In other parts of the world the blame on the West for colonialism is diluted in current affairs: in India, every daily contradiction condemns Europe to its historical shame

Colonialism in India

In other parts of the world such as neighboring Southeast Asia or the poorer Africa, the blame on the West for colonialism is diluted in current affairs. In India, the flow of traffic that evidently violates all highway regulations condemns Europe to its historical shame. 

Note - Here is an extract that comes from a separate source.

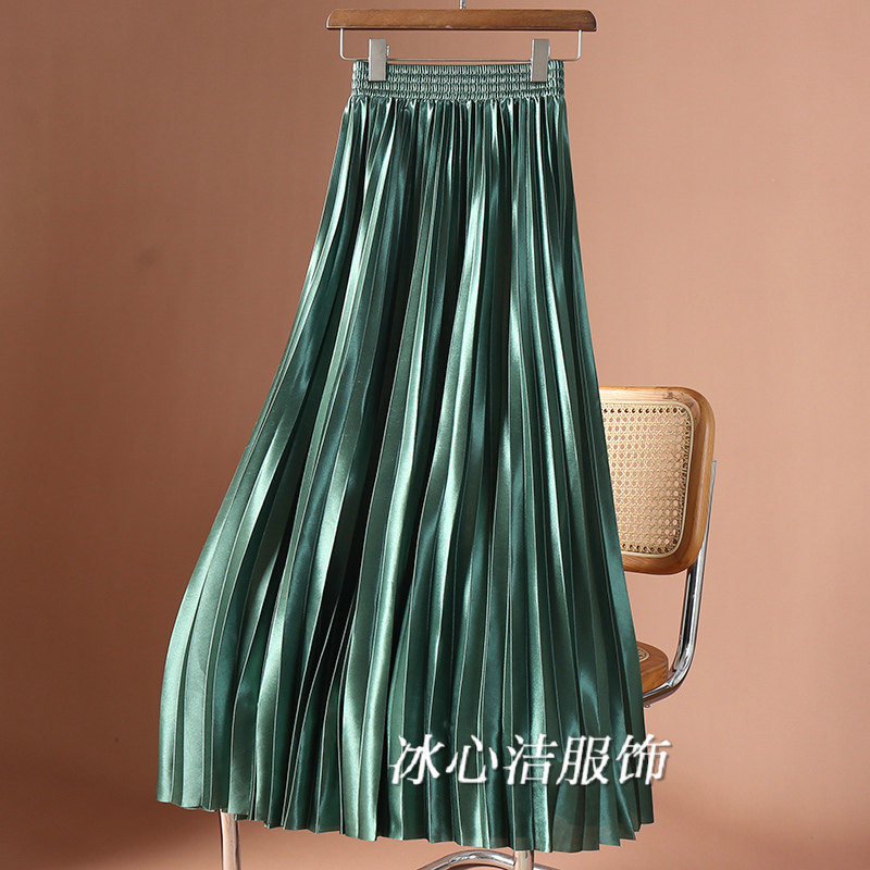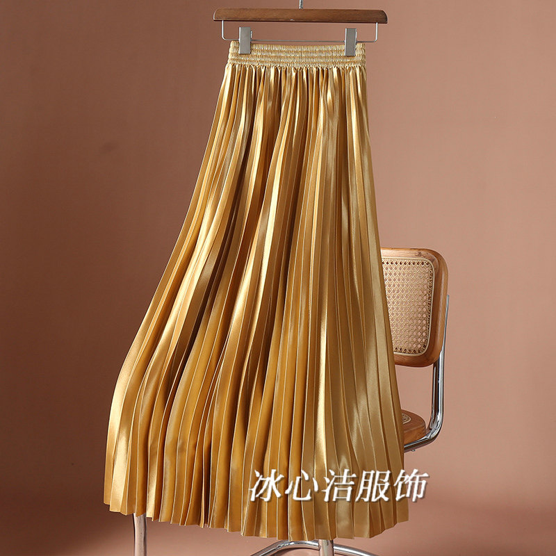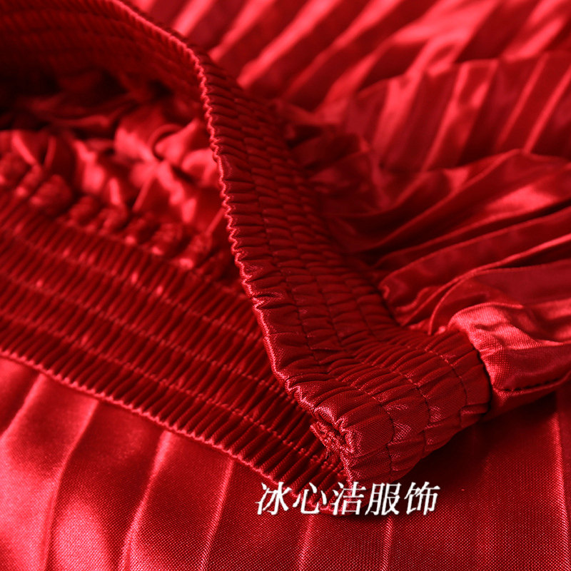 为您提供商品高腰垂感百褶裙加长裙子 红色金属感光泽闪亮半身裙女2025早春新款的详细介绍,

Udaipur. Walking along the lake that runs from the castle to the jungle, one understands the height of the dam overlooking the forest below. In Rajasthan, European troops once made alliances with local maharajas who guaranteed privilege in exchange for wealth from their lands. Over a morning stroll, Lucio Bonaccorsi points out how one would have ended up in the colonies: either been on the run or the younger children of noble families in order to leave their family heritage intact in the hands of the firstborn son.

Belgian colonialism

Amongst them were the first real self-made men in the history of export-based businesses. Bonaccorsi — the second-born prince of a family from Sicily — remembers when he had read the chronicles of Belgian colonialism: for historical standards, Belgian conquerors were considered amongst the worst, counting poor respect for local resources as well as exploitation of indigenous populations (all the while, the Italians in Ethiopia and Eritrea did the opposite.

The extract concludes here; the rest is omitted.